The seven surviving men formed a wall between the attackers and the launcher. Behind them the carrier track of the loading mechanism moved with a heavy, measured clicking sound as inexorable as the ticking of a clock, bearing another missile toward the tube. In front of them, far in front, the first wave of Krinn lay dead or dying, the few survivors dropping back desperately over the edge.

The body that was giving Kettrick a little shelter was the body of Ghnak. The necklace of heart-stones burned and shimmered about the neck. Otherwise Kettrick would not have known. But the Krinn knew, and the men of Ghnak's tribe were wavering. Kettrick reached to unloose the collar.

Beside him Chai gave a sudden whimpering cry, and then she was gone.

He saw her running, stooped low and running like the wind. The Krinn who saw her cried out in astonishment and surged forward over the edge, and perhaps that distracted the man for a second or two, or perhaps it was simply the shock of seeing her there alive and rushing toward him like a gray vengeance. She was already in midspring when he fired. She screamed, a high, terrible cry, but her clawed hands, outstretched, did not waver. They struck down, and the man fell beneath her and was hidden by her body.

Kettrick yelled, as hoarse and wild a cry as any animal might make. He stood up with the necklace of heartstones in his hand and held them up like a banner and rushed forward, firing, too wild with hate and grief to think of death. There were other weapons firing beside him. He saw two of the men fall, and then the others wavered and the Krinn rolled over them like a wave.

Kettrick did not see the very last of it. He was holding Chai in his arms. She said, "Not kill, Johnn-ee." She had not.

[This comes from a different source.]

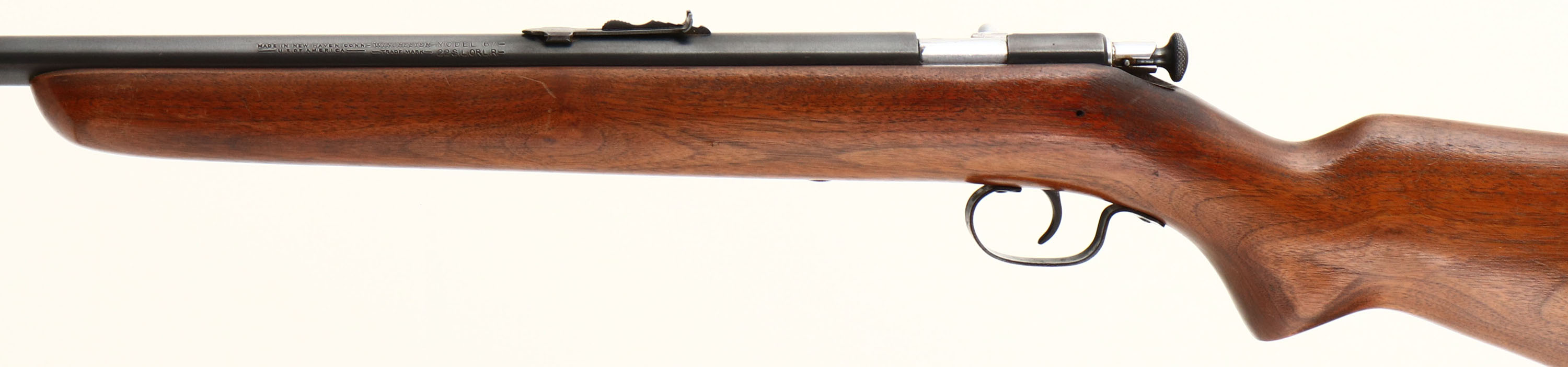 RARE Winchester, Model 67 Boys Rifle or Junior Variation, 22 S, L, or LR Cal., MFG. 1943-63, SN: None, Bolt Action Rifle, 20'' Round barrel. This is the rarer & more desirable ''Boys Rifle'' 4th issue of the model 67 with the shorter factory 20'' barrel. The rifle also has the factory heavier (no groove), flat pistol grip stock, with the slanted forend tip & a blued trigger. The stock is excellent, with the original finish thinning, light sanding & an added layer of protective oils. There are minor contusions & scratches. The metal blue finish has 95% coverage. Bore is excellent, but has a slight bulge 4'' from the muzzle. Mounted with the original sights. Winchester plastic buttplate. A very nice example of a Rare Boys Rifle. FFL or C&R Req. - Value: 200 to 500
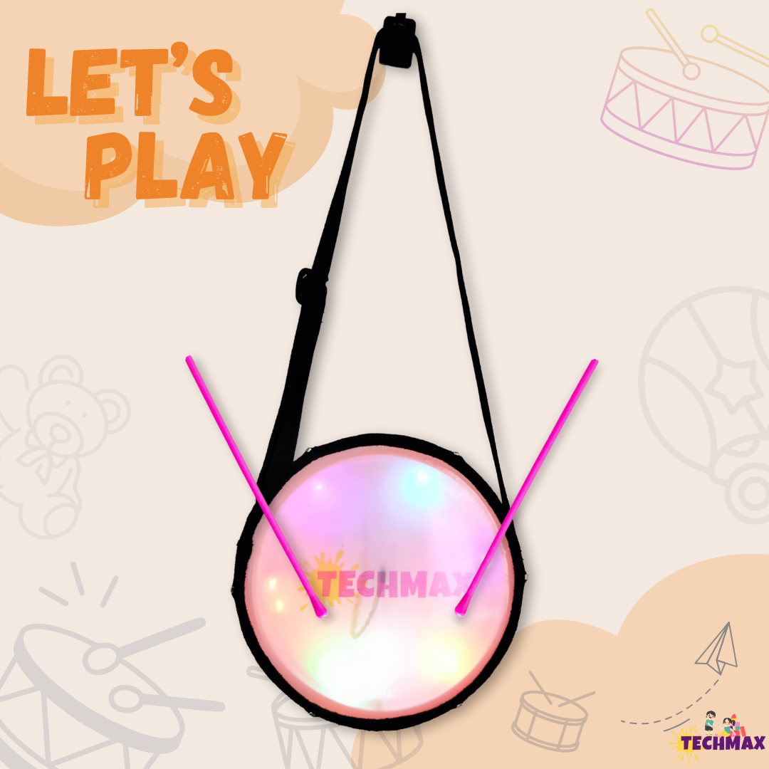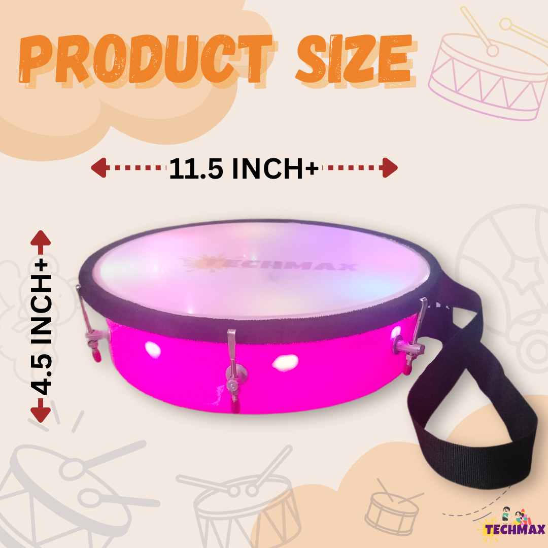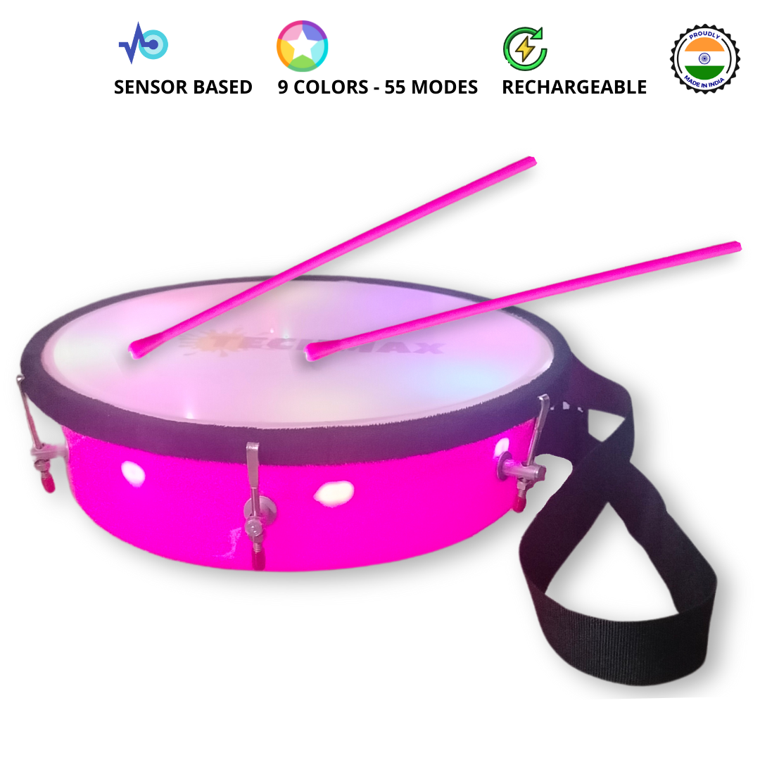 11.5 Inch - Pink - Plastic - Lighting Dholak Tasha - Sensor Based - Single Side

Seri still lived, though her claws had torn him cruelly. She moved her head against Kettrick's shoulder, the old affectionate thrust, and started to say his name, and never finished it.

The launcher still had two missiles in its carrier track, one of them only six minutes from firing, when Boker and Glevan shut off the power supply and stopped the steady clicking march of the Doomstar.